4.5 The Service tax is paid on the basis of the revenue realized towards the provision of the taxable services and not on the basis of the revenue recognition. Impugned order do not point out a single case whereby the amounts realized by the appellant against any of the project undertaken by the appellant were not reflected in their ST-3 return. ST-3 return is based on the revenues realized by the appellant during the period of the return and not on the basis of revenue recognition. Accordingly, we do not find any merits in the impugned order. However in our view the revenue should have undertaken the exercise of reconciliation of the revenue realized against each of the project with the entries made in the ST-3 return and should arrive at any conclusion in respect of the demand of service tax. In case the revenue realized against the project is not reflected in the service tax returns filed over the period of time, then only revenue demand can be sustained otherwise the demand needs to be set aside. In our view the entire demand is for the period of the running contracts during the period 2008 to 2012 and would have been completed by now. Revenue should reconcile the revenue realized contract wise, with the service tax return, and if there all the revenues realized either as advance or on the completion of the contract can be reconciled with the ST-3 returns then demands need to be set aside or restricted to the unexplained amounts realized and not reflected in the ST-3 return.
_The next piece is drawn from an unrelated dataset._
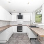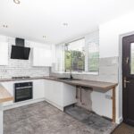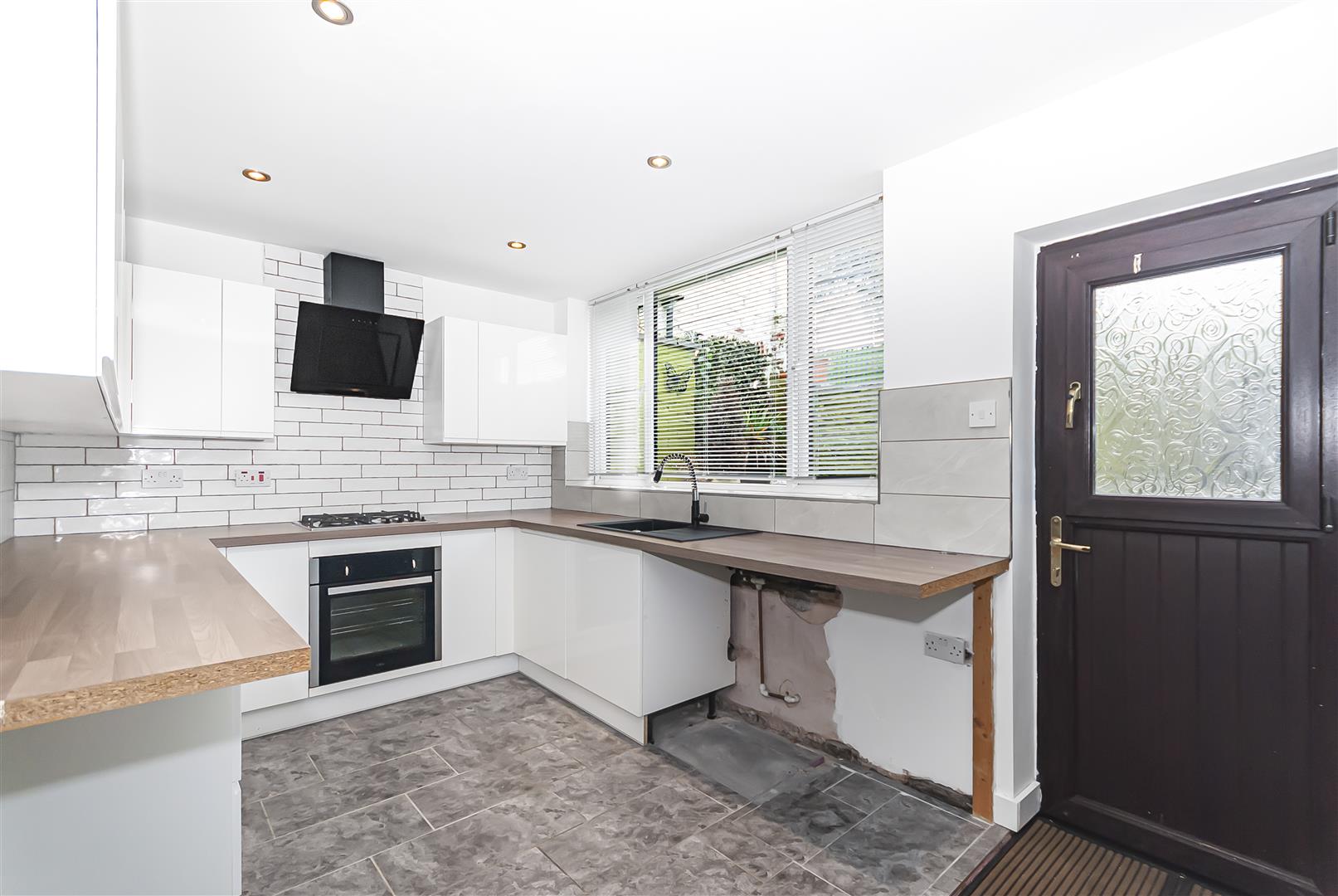 Fitted with a range of wall and base units with a contrasting work surface. inset sink with drainer, tiled flooring, part-tiled walls, and plumbing for both a washing machine and dishwasher. Also benefits from ceiling spotlights, a UPVC double glazed rear window, and a back door leading to the rear yard.
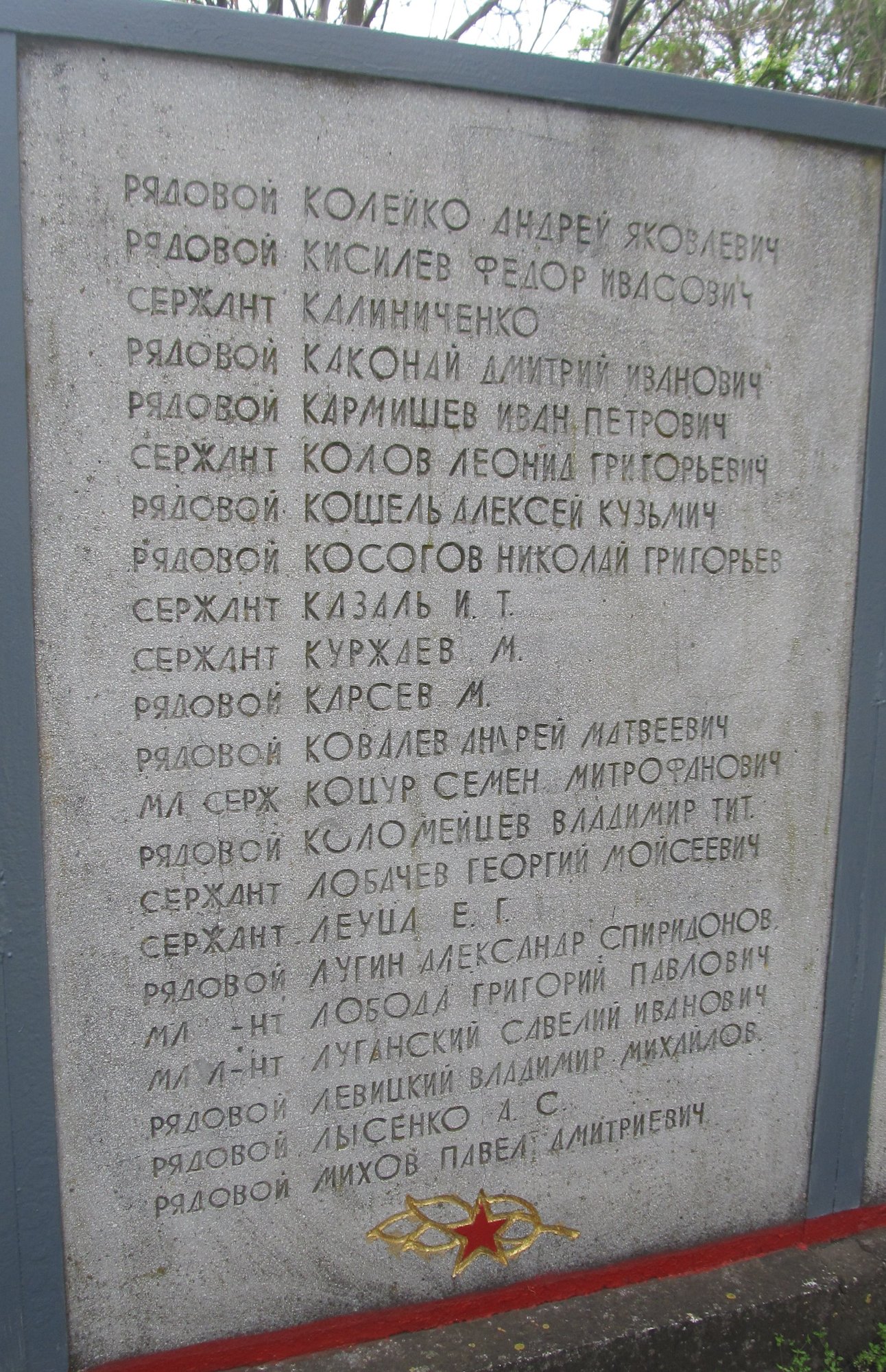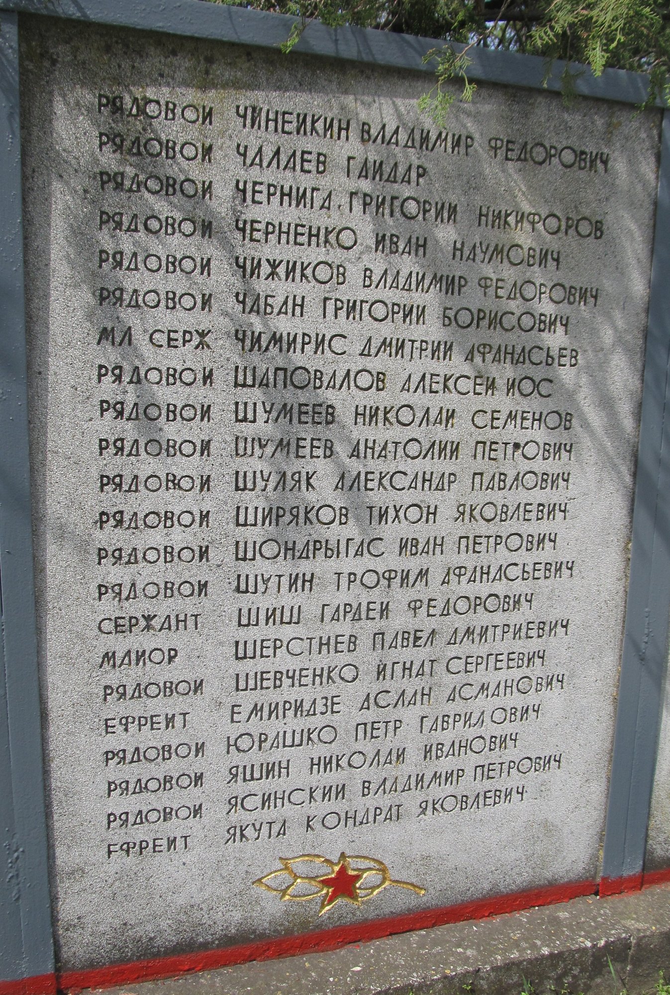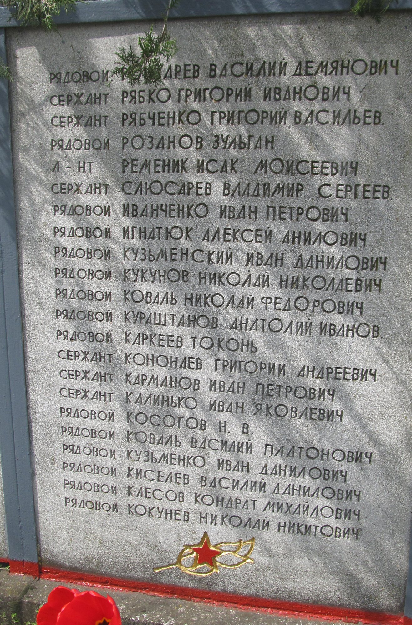 Баннеры, установленные на Мемориале Славы села Ближний Хутор с фамилиями советских воинов, погибших при освобождении села и умерших от ран сельском в госпитале в 1944 году.

With the above observation we remand the matter to the original authority for reconciliation in respect of the Issues referred as Issues 1 to 4 in the show cause notice.
4.6 Appellants do not seriously object to the findings recorded in the impugned order in respect of the issues referred as Issue 5 and 6 in show cause notice taking note of the submissions made in respect of these issues we hold the order made in respect of these issues as per the impugned order, except for setting aside the penalties imposed by invoking Section 78. In our view when all facts were in knowledge of the department in respect of these issues invocation of Section 78 for imposing penalty in respect of these demands cannot be sustained.
5.1 In result impugned order is set aside in respect of issues at Issue No 1 to 4 in the Show Cause Notice as observed by us in para 4.5 above and matter remanded to original authority for reconsideration as observed in the said para.
5.2 In respect of the issues at Issue No 5 & 6 we uphold the impugned order to the extent of demand made but set aside the penalties imposed under Section 78.
5.3 Accordingly the appeals are partially allowed as indicated in para 5.1 and 5.2 above and the matter remanded to original authority for reconsideration.
5.4 As issue is sufficiently old, original authority to finalize the issues in remand proceedings within three months of the receipt of this order.